**Work to complete:** No image is to be carried over; reproduce the rest of the listing word for word.

**Records provided:**
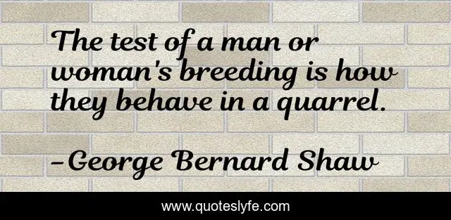 This page presents the quote "The test of a man or woman's breeding is how they behave in a quarrel.". Author of this quote is George Bernard Shaw. This quote is about quarrels, arguments,.
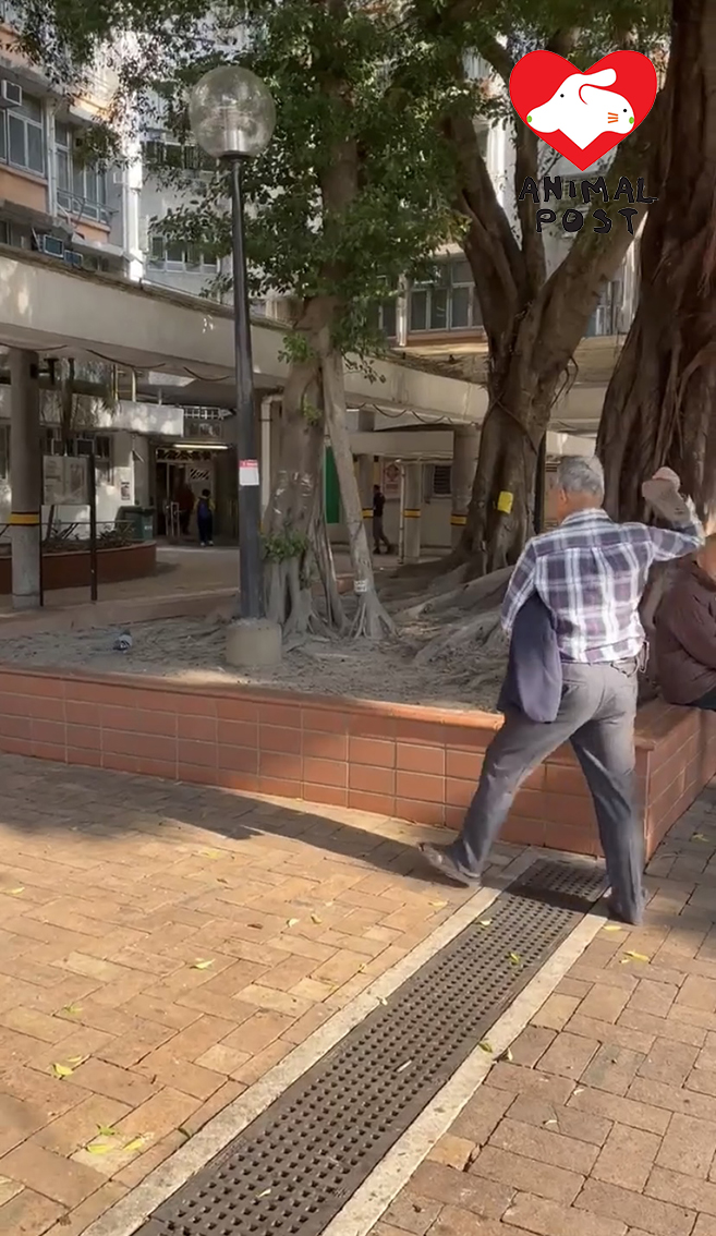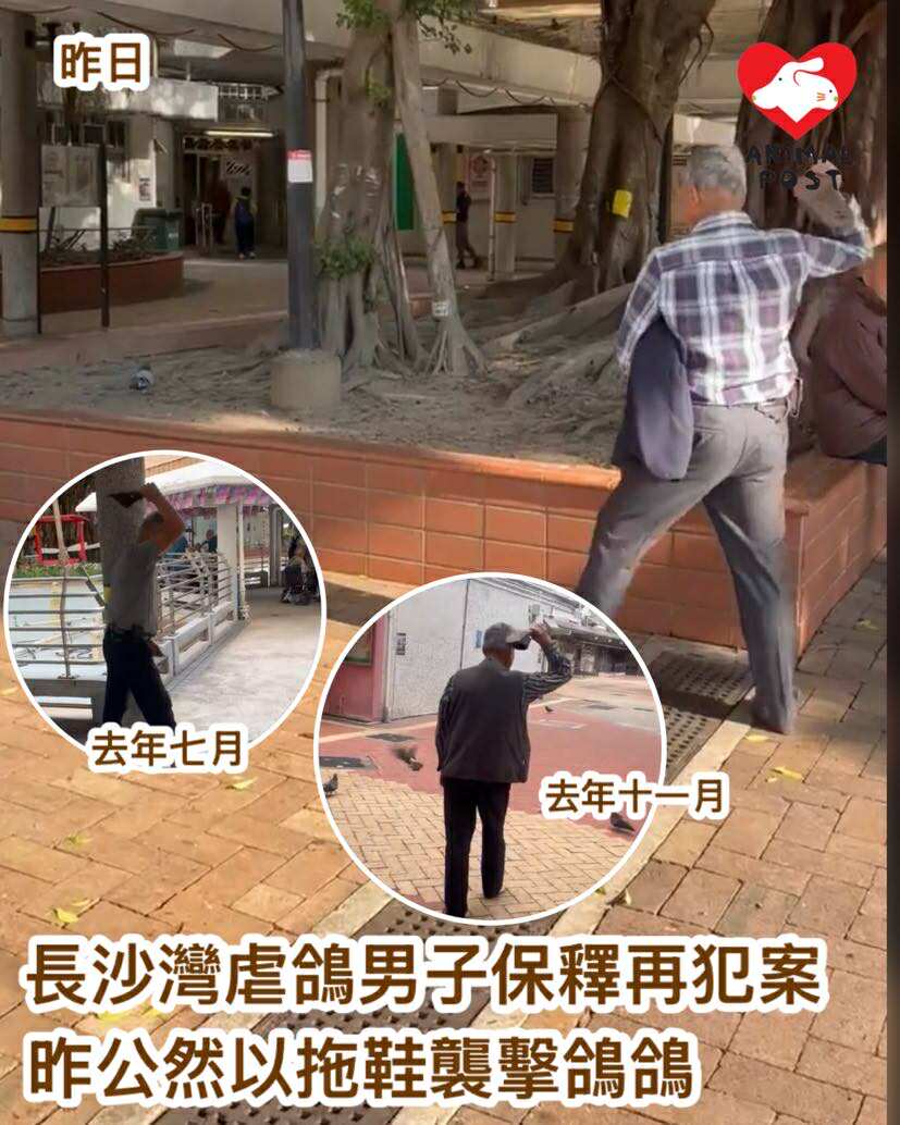 【動物專訊】一名多次在長沙灣麗閣邨襲擊白鴿的71歲吳姓男子,去年被警方拘捕後竟毫無悔改,昨日再被人拍攝到於附近的麗安邨以拖鞋襲擊白鴿,目擊者已經報警,批評兇徒光天化日肆無忌憚行兇,據他所知及目擊,兇徒至少在去年6月、7月、11月及今年1月犯下5次虐鴿罪行。
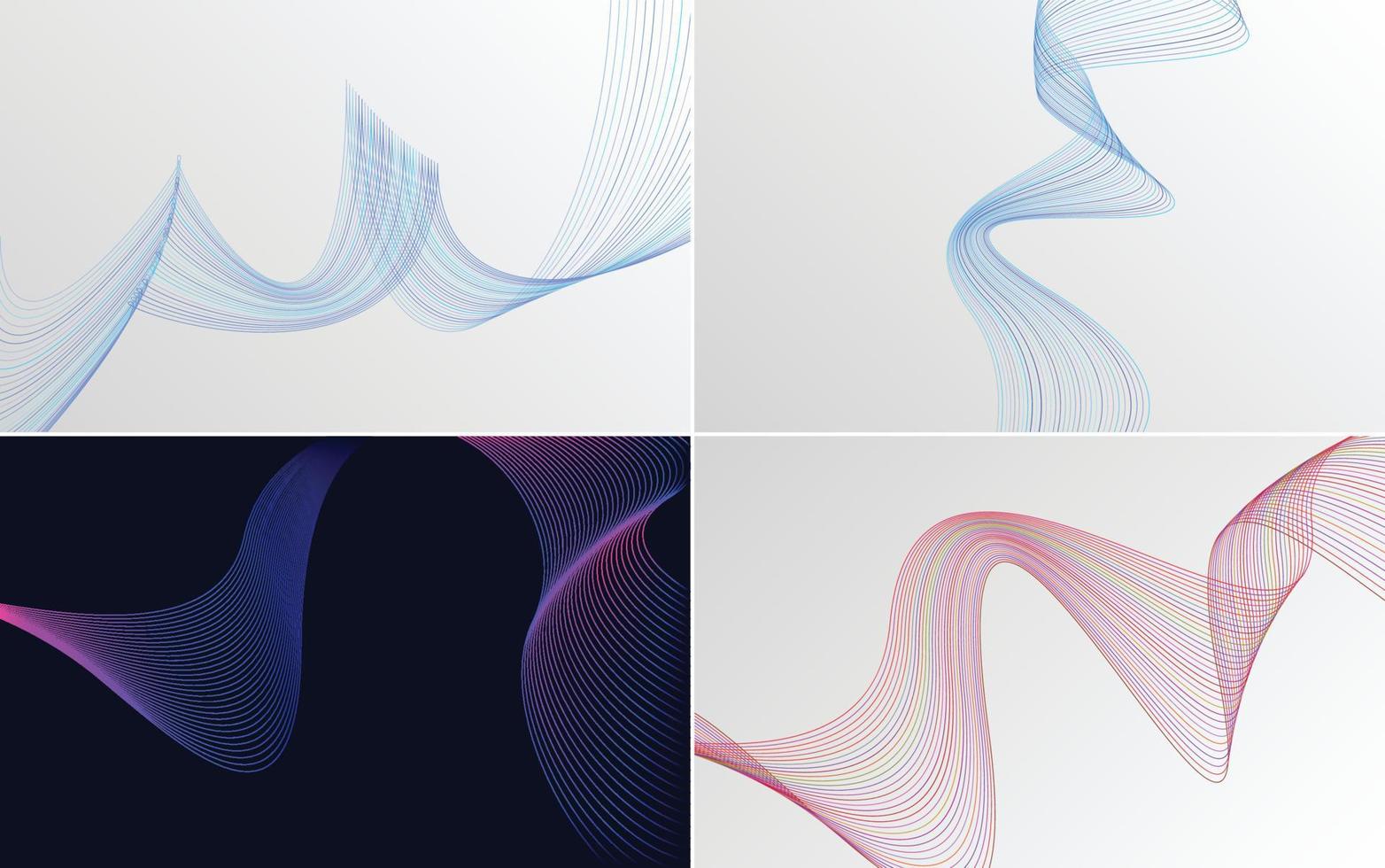 Set of 4 geometric wave pattern background Abstract waving line vector
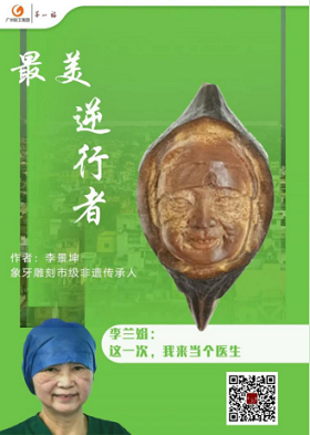 在共度時(shí)艱的關(guān)頭,穗聯(lián)公司多位非遺傳承人通過自身技能,向堅(jiān)守在抗擊疫情、復(fù)工復(fù)產(chǎn)的一線工作者致敬。如牙雕傳承人李景坤創(chuàng)作了以猛犸象牙為原材料的《人間正道》猛犸牙雕面譜,運(yùn)用淺浮雕技法將象征“賜福鎮(zhèn)宅圣君”的鐘馗像與正氣凜然的鐘南山像巧妙結(jié)合,以“現(xiàn)代鐘馗”比喻大醫(yī)精誠、奮力抗擊疫情的鐘南山院士。另一件是以圓雕技法刻畫李蘭娟院士形象的《最美逆行者》欖雕作品,作品重點(diǎn)刻畫了李院士因長時(shí)間戴口罩而形成壓痕的面部形象。
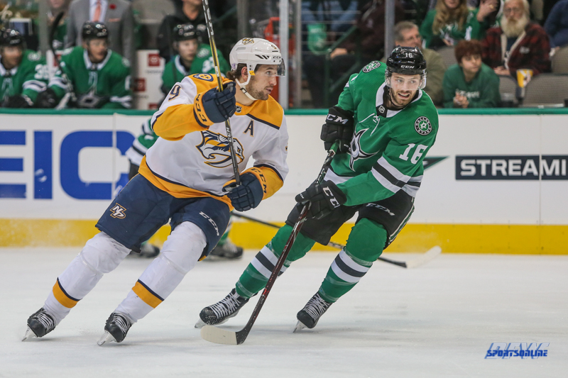 NOVEMBER 10: Nashville Predators Left Wing Filip Forsberg (9) and Dallas Stars Center Jason Dickinson (16) during the game between the Dallas Stars and Nashville Predators on November 10, 2018 at the American Airlines Center in Dallas, TX. (Photo by George Walker/DFWsportsonline)
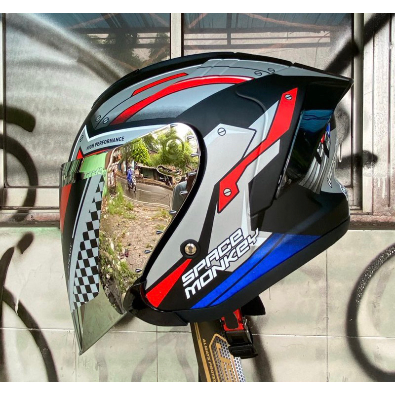Helm Half Face JS armor Motif Paket Ganteng Spoiler 3D
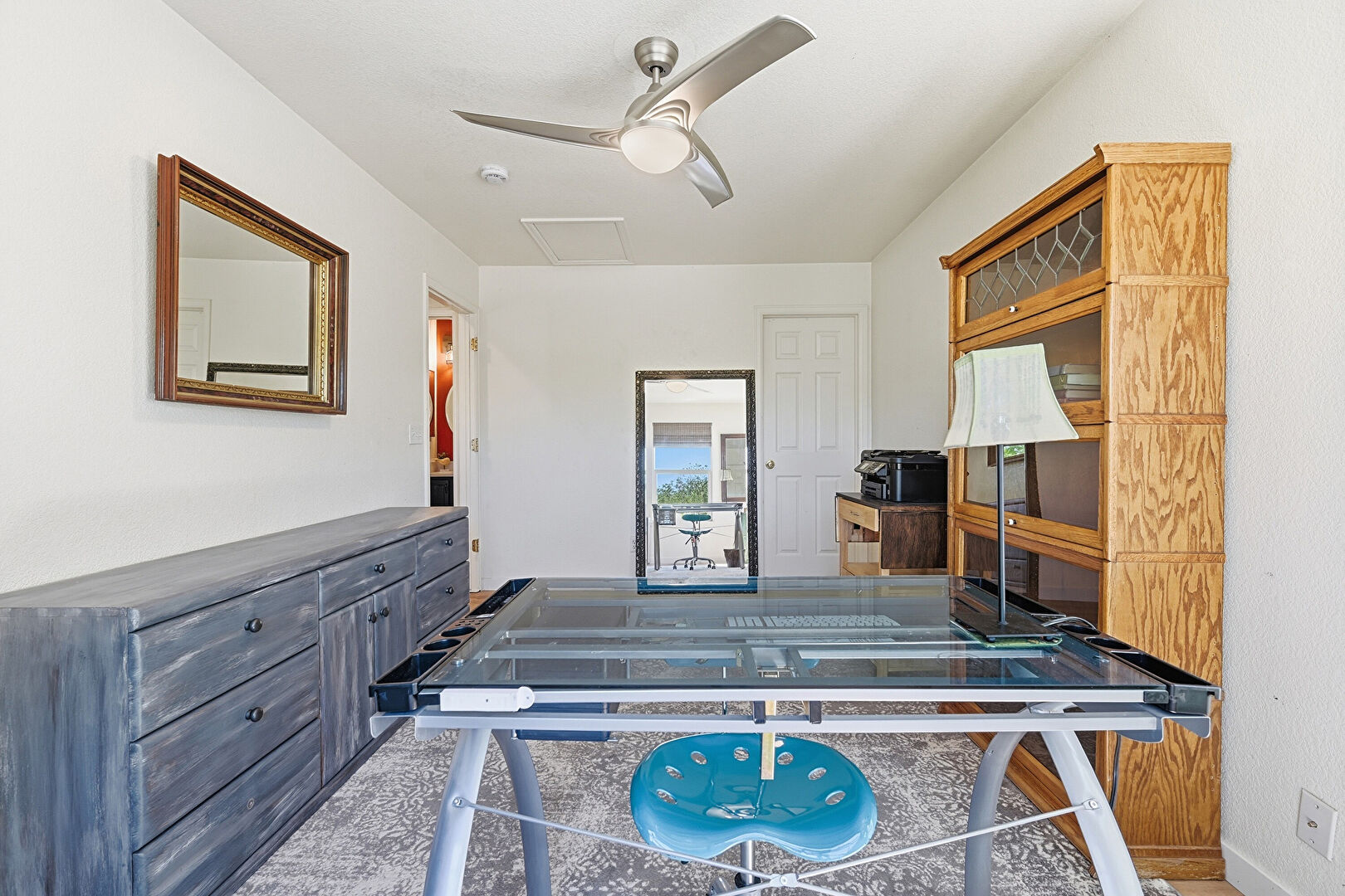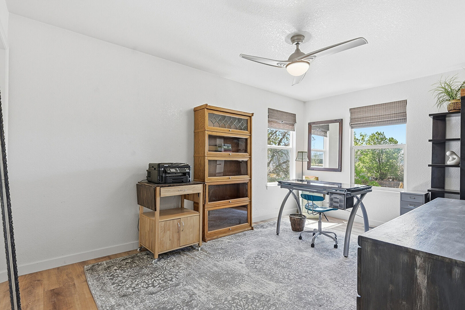 Baseboards Wall, Ceiling Fan, Drywall, Office Area, Scuttle, Textured Ceiling, Wood Finish Floor, Natural Light, Smoke Carbon Monoxide Detector
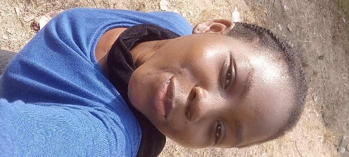 An upward-angled portrait, likely a selfie, features a young adult female with dark complexion and short, dark, braided hair
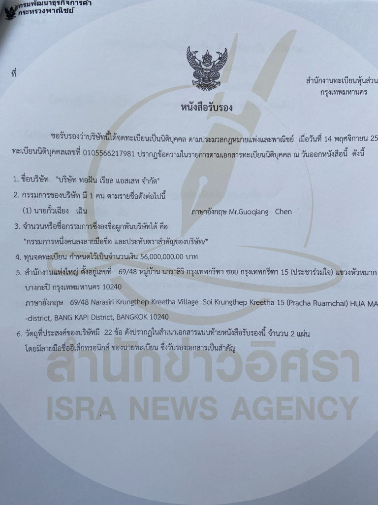 @จดทะเบียนก่อตั้ง -หุ้นใหญ่ คนไทย อยู่เมืองชล ก่อนโอนให้คนจีน

**Answer area:**
 This page presents the quote "The test of a man or woman's breeding is how they behave in a quarrel.". Author of this quote is George Bernard Shaw. This quote is about quarrels, arguments,.
 【動物專訊】一名多次在長沙灣麗閣邨襲擊白鴿的71歲吳姓男子,去年被警方拘捕後竟毫無悔改,昨日再被人拍攝到於附近的麗安邨以拖鞋襲擊白鴿,目擊者已經報警,批評兇徒光天化日肆無忌憚行兇,據他所知及目擊,兇徒至少在去年6月、7月、11月及今年1月犯下5次虐鴿罪行。
 Set of 4 geometric wave pattern background Abstract waving line vector
 在共度時(shí)艱的關(guān)頭,穗聯(lián)公司多位非遺傳承人通過自身技能,向堅(jiān)守在抗擊疫情、復(fù)工復(fù)產(chǎn)的一線工作者致敬。如牙雕傳承人李景坤創(chuàng)作了以猛犸象牙為原材料的《人間正道》猛犸牙雕面譜,運(yùn)用淺浮雕技法將象征“賜福鎮(zhèn)宅圣君”的鐘馗像與正氣凜然的鐘南山像巧妙結(jié)合,以“現(xiàn)代鐘馗”比喻大醫(yī)精誠、奮力抗擊疫情的鐘南山院士。另一件是以圓雕技法刻畫李蘭娟院士形象的《最美逆行者》欖雕作品,作品重點(diǎn)刻畫了李院士因長時(shí)間戴口罩而形成壓痕的面部形象。
 NOVEMBER 10: Nashville Predators Left Wing Filip Forsberg (9) and Dallas Stars Center Jason Dickinson (16) during the game between the Dallas Stars and Nashville Predators on November 10, 2018 at the American Airlines Center in Dallas, TX. (Photo by George Walker/DFWsportsonline)
Helm Half Face JS armor Motif Paket Ganteng Spoiler 3D
 Baseboards Wall, Ceiling Fan, Drywall, Office Area, Scuttle, Textured Ceiling, Wood Finish Floor, Natural Light, Smoke Carbon Monoxide Detector
 An upward-angled portrait, likely a selfie, features a young adult female with dark complexion and short, dark, braided hair
 @จดทะเบียนก่อตั้ง -หุ้นใหญ่ คนไทย อยู่เมืองชล ก่อนโอนให้คนจีน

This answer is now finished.